I didn’t see the flagman holding one of those Stop signs on a pole. I didn’t even notice him until he had lifted his sign, and sprinted for the shoulder. I slammed on the brakes and came to a screeching halt. The jolt catapulted me out of my fury.
We shared a few sideways glances. Then the man picked up his sign and walked right to the front of my car. Without saying a word, he glared at me and turned that sign to clearly declare the word “STOP.”
As if that wasn’t enough, he then picked it up and banged the pole into the ground, not once, not twice, but and over and over for what seemed like an hour.
Then he calmly turned the sign around to say “SLOW.” And I did slowly make my way past him.
But as I crossed the bridge over the Occoquan River, I kept thinking how my anger had taken over me. How it so distracted me that I almost took a persons life.
In the few minutes I had before reaching home, I chose to think differently. Instead of focusing on what Tim had done wrong, I began to think of some of my fondest memories of him.
I thought of the time we drove all night from Georgia back to our home in Virginia. Kelly was not yet a year old. This was before car seats, so we had put the back seat down in our old VW bug, and made her a soft bed to sleep on.
It was past midnight when we pulled into a gas station and Tim got out. After pumping gas, he opened the drivers side door and I looked over at him. Something in the back seat caught his eye, and his face melted. In a voice so tender it touched me deeply, he said, “Hey boogh, did we wake you up?”
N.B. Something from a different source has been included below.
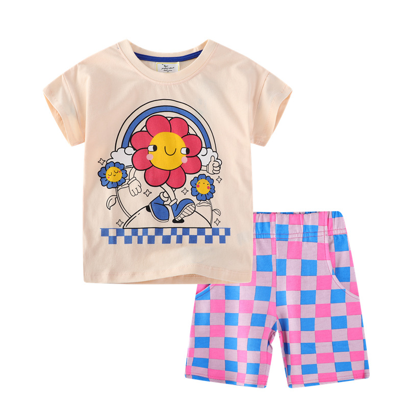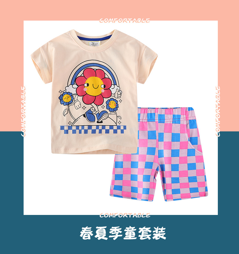 국경 간 여름 아동복, 유럽과 미국의 어린이를 위한 라운드 넥 티셔츠 세트, 남아용 투피스 세트, 멋진 아동복스토어 가기

I turned around, and the warm glow of the lights fell softly on Kelly’s chubby little face. She was sitting up, caressing her security blanket close to her chest while sucking her thumb.
The more I thought of that moment, my heart softened, and my rage subsided. By the time I got home, whatever Tim had done wrong, was now in it’s proper perspective.
We do get to choose our thoughts. And we do get to bring them captive to the will of God. And God’s will is that we think on good things. And not the things that bring us down.
So, what track are you stuck on today? And what thoughts can you bring captive? Isn’t it time to change direction?